A Biscuit From the Titanic Is Going Up For Auction

Wikimedia Commons // Public Domain
Wikimedia Commons // Public Domain | Wikimedia Commons // Public Domain

When the Titanic sank over a century ago, James Fenwick was a passenger aboard the nearby SS Carpathian, which helped save survivors of the wreck. Somehow, Fenwick, who was on a honeymoon to Europe at the time, ended up with a strange memento from the tragedy: a biscuit from one of the survival kits found on the Titanic lifeboats. For over a century, the item sat in a Kodak photographic envelope at his family’s home. But this month, Fenwick’s family plans to put the historic treat up for auction. 

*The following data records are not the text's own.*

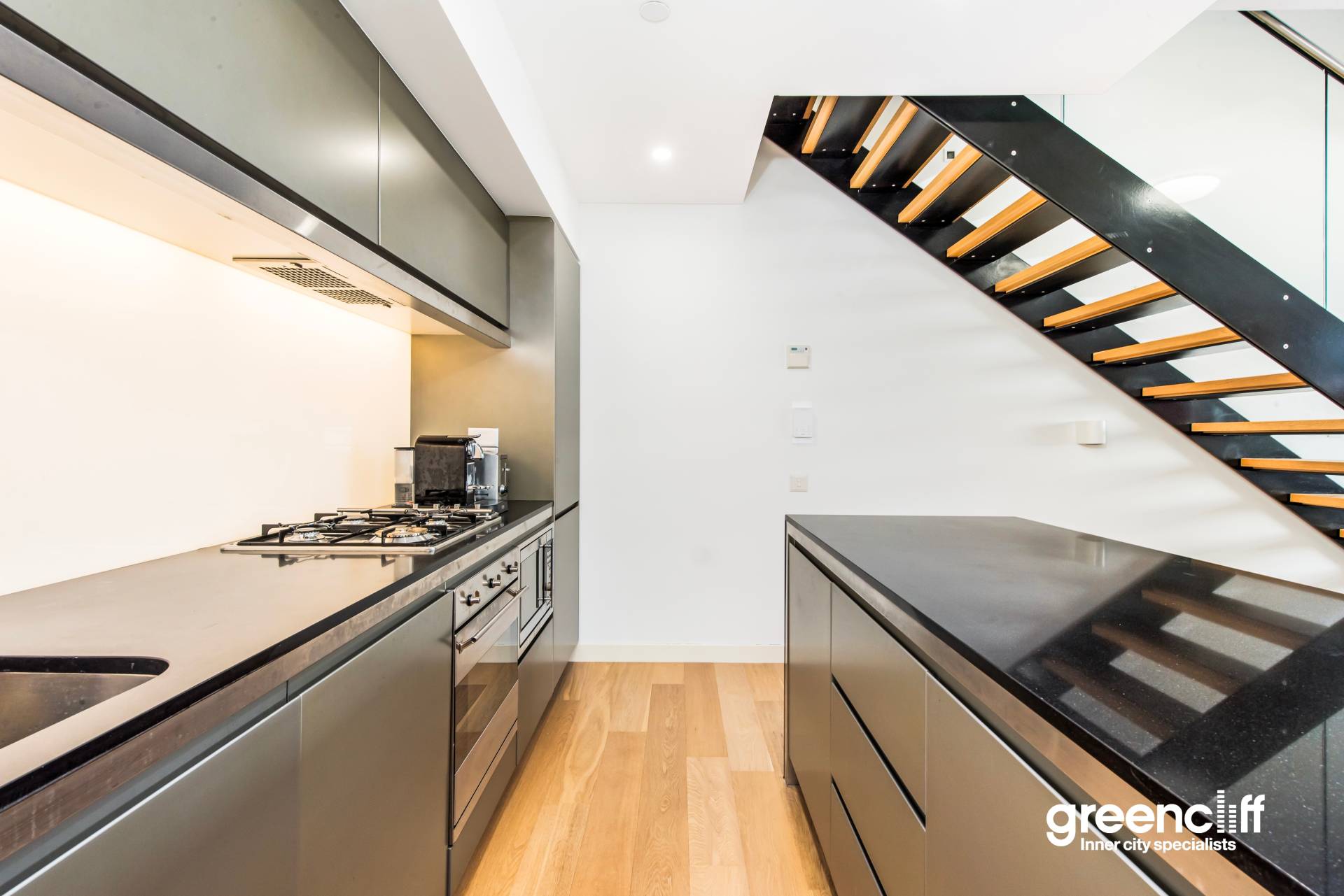 • Sleek, modern kitchen with gas cooking and premium European stainless steel appliances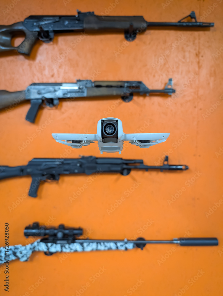 A modern reconnaissance drone representing surveillance and espionage, contrasted with an arsenal of military assault and sniper rifles on a wall.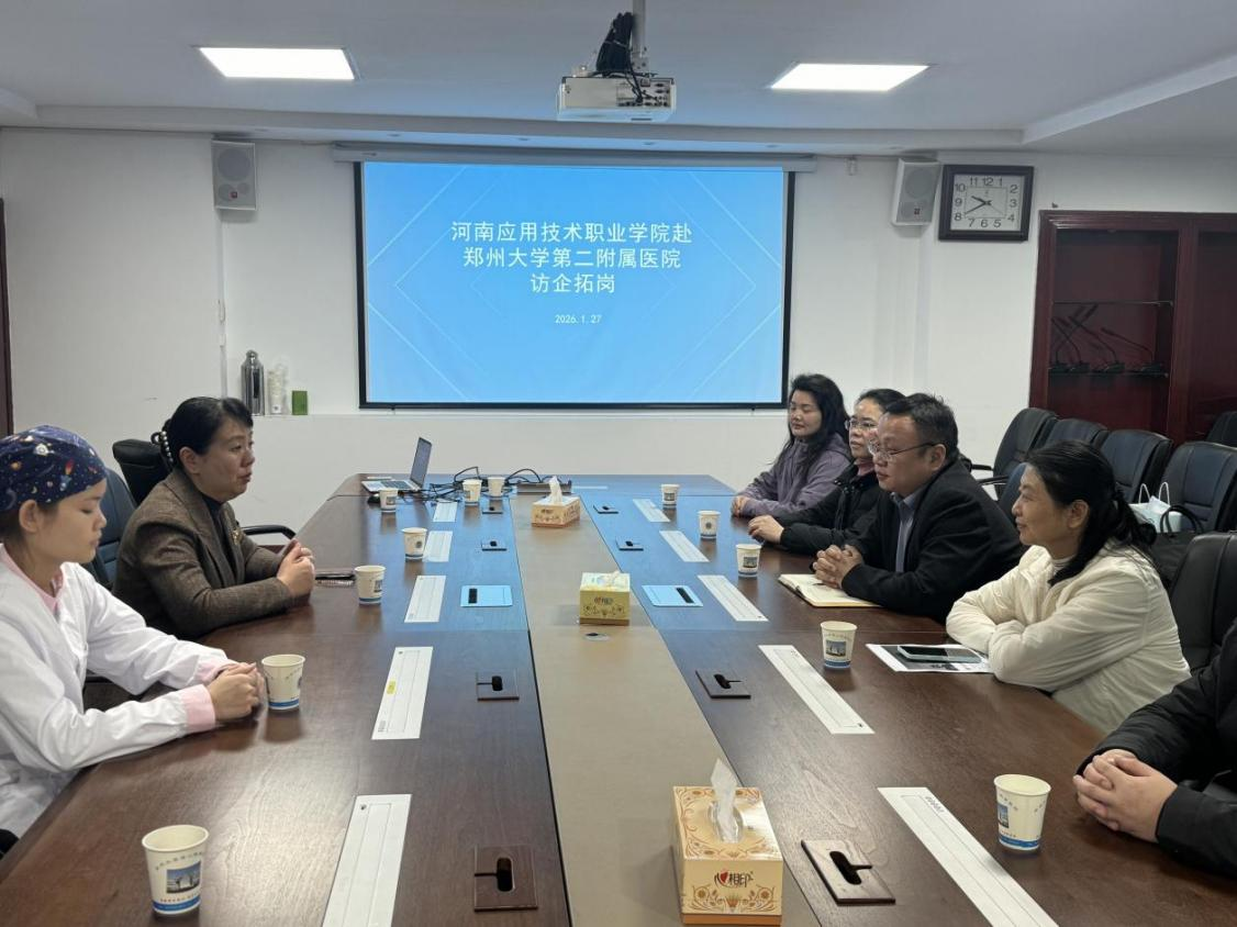 为进一步拓宽毕业生就业渠道,加强校企合作育人实效,1月27日,河南应用技术职业学院康养9428cn太阳集团党总支书记张忠勇、院长王风云带领实习指导教师团队先后赴郑州大学第二附属医院、郑州大学第三附属医院开展访企拓岗专项行动,并走访慰问实习学生,深入了解学生实习情况,推动产教融合向纵深发展。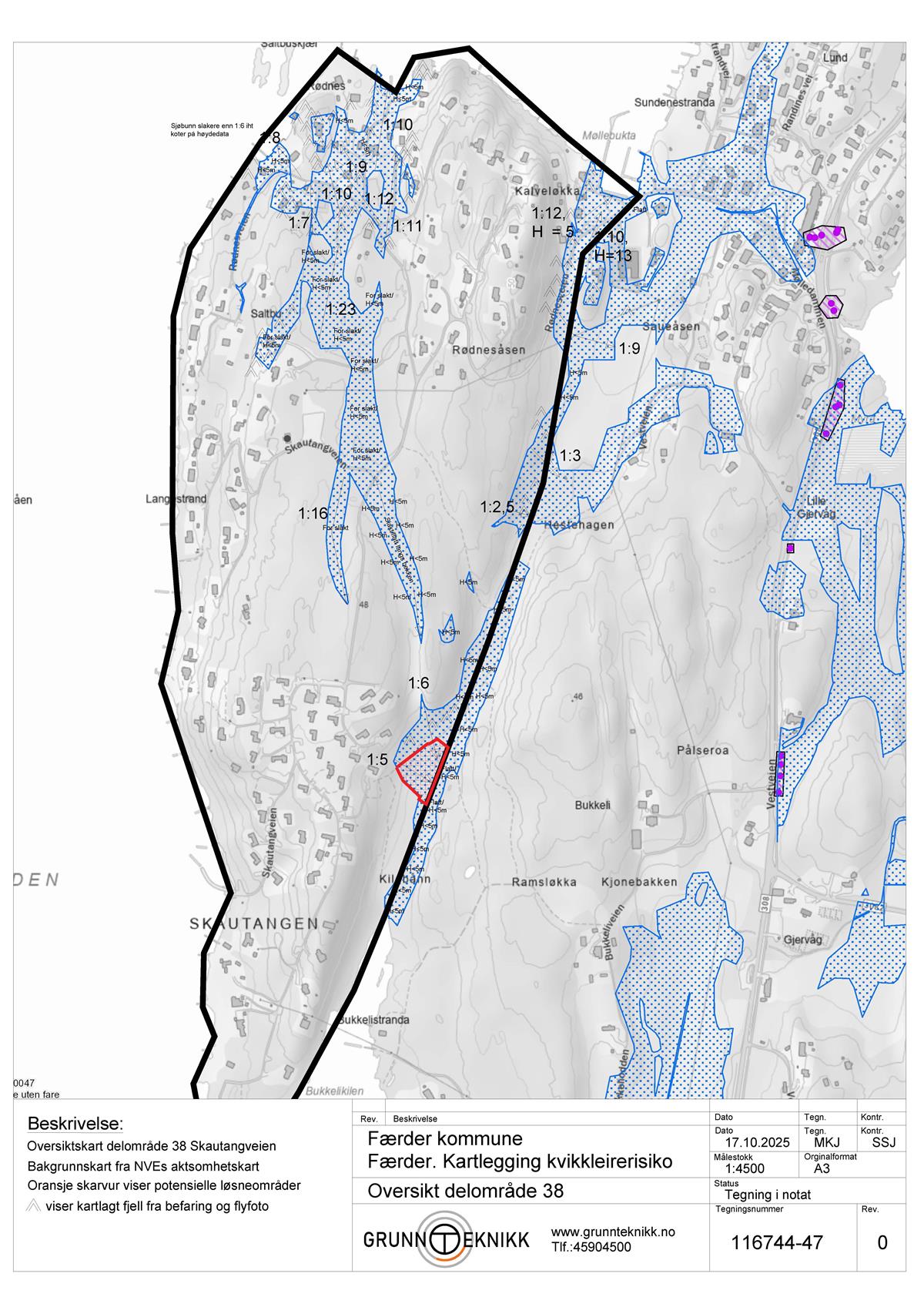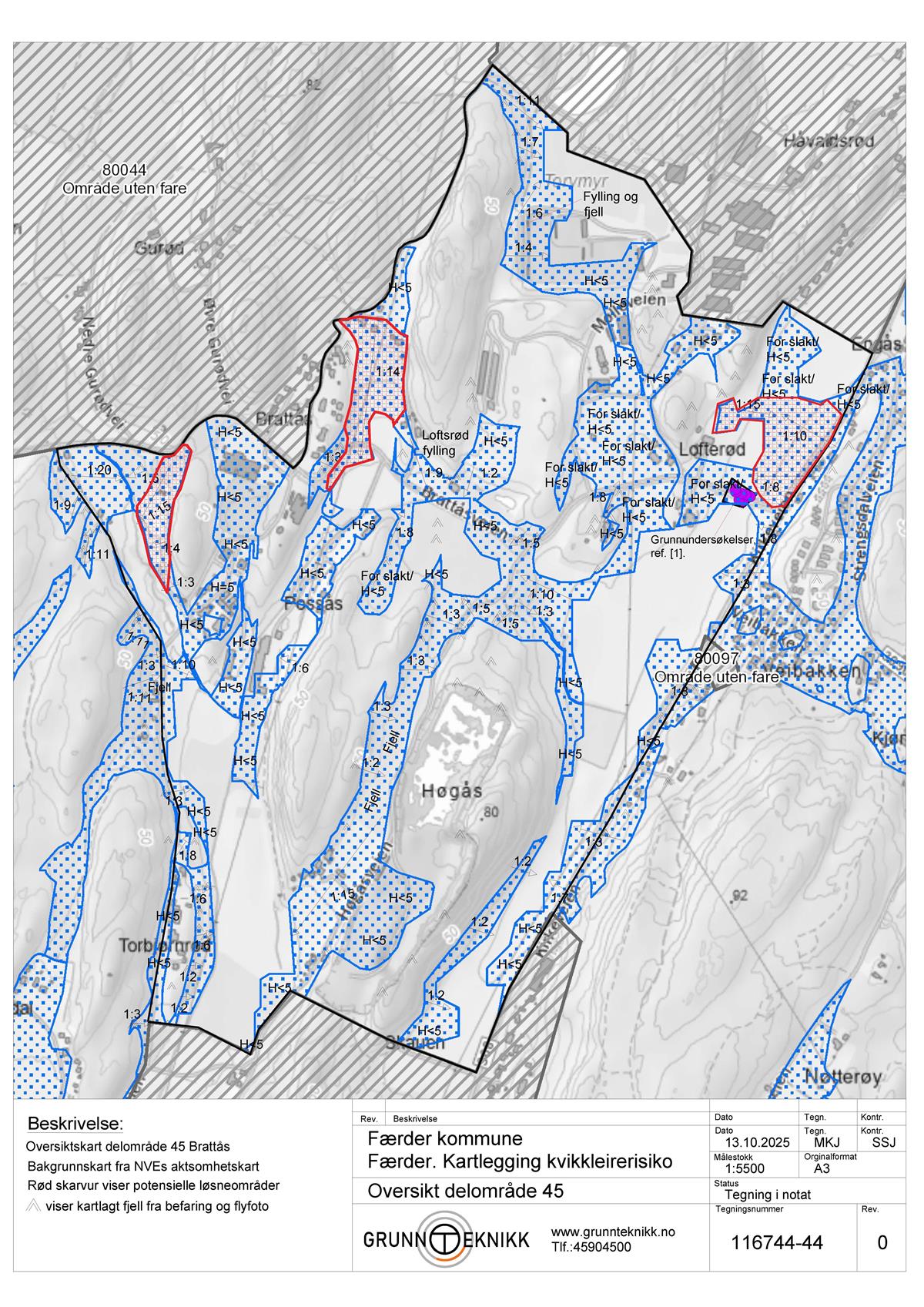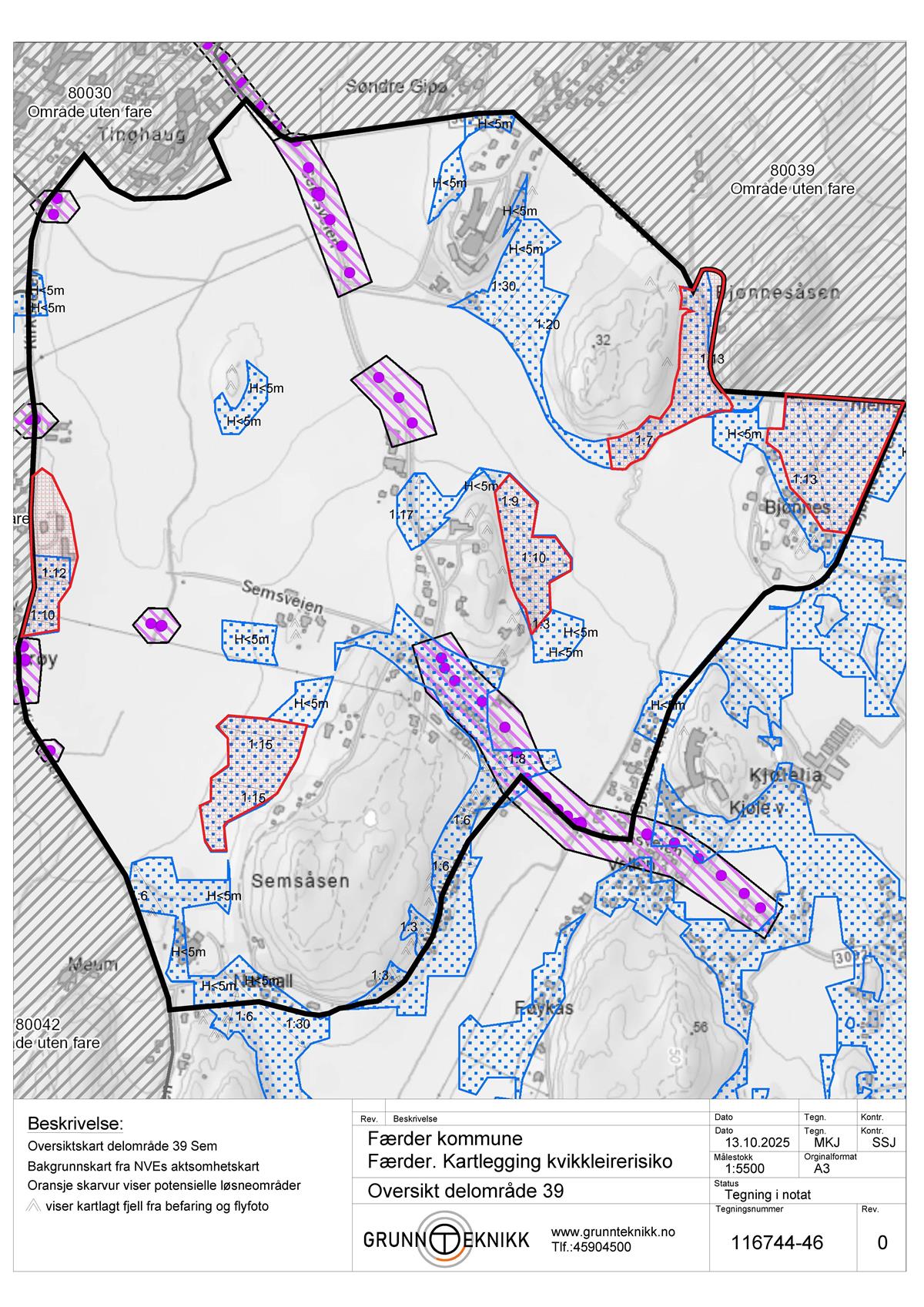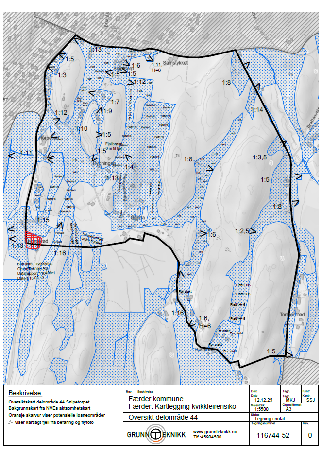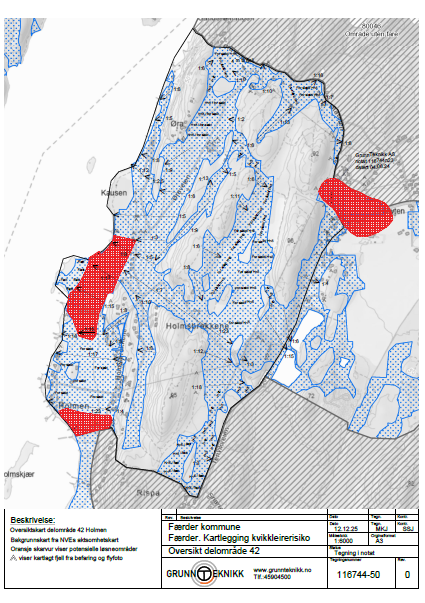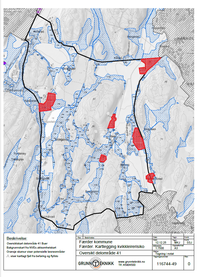 GrunnTeknikk AS er engasjert av Færder kommune til å utføre en kartlegging av 6 delområder iht. NVEs veileder 1/2019 Sikkerhet mot kvikkleireskred, punktene 1-6 «Prosedyre for utredning av områdeskredfare». Vurderingen baseres på kjente grunnundersøkelser i området.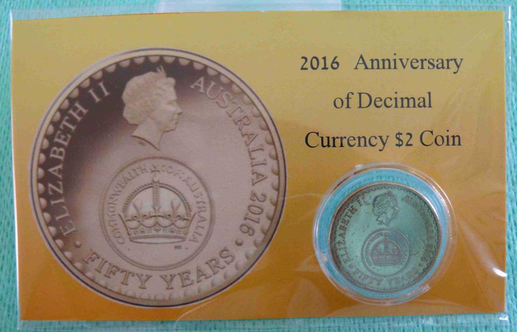2016 50TH. ANNIVERSARY OF DECIMAL CURRENCY, CARDED $2 COIN. 488256+6
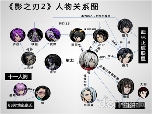 如果要用一个词来形容《影之刃2》的人物关系,那就是——混乱。主角魂与“组织”、“十一人阁”的成员都有着千丝万缕的联系。如何才能读懂他们之间的情感纠葛呢?不用担心,只需一张关系图即可!

According to auctioneer Andrew Aldridge, the relic is likely to sell for up to $15,000. “It is the world’s most valuable biscuit,” Aldridge told The Guardian. “We don’t know which lifeboat the biscuit came from but there are no other Titanic lifeboat biscuits in existence, to my knowledge. It is incredible that this biscuit has survived such a dramatic event.”

In addition to the wheat and water Spillers and Bakers "Pilot" biscuit, Fenwick’s family is also selling his collection of Titanic rescue photos and his own first-hand account of the rescue, an excerpt of which reads: 

“5am. Awakened by hearing man’s voice Titanic gone down. We are rescuing passengers and are surrounded by icebergs. This is time to be up and doing. Going on deck we found boats at our side, crowded with those rescued, plus other boats coming from all quarters, just beyond and on all sides of us ... were the ’bergs.”

The biscuit certainly isn’t the only item to be auctioned from the Titanic disaster—the Titanic’s last lunch menu and other items were recently put on the market—but it's definitely one of a kind.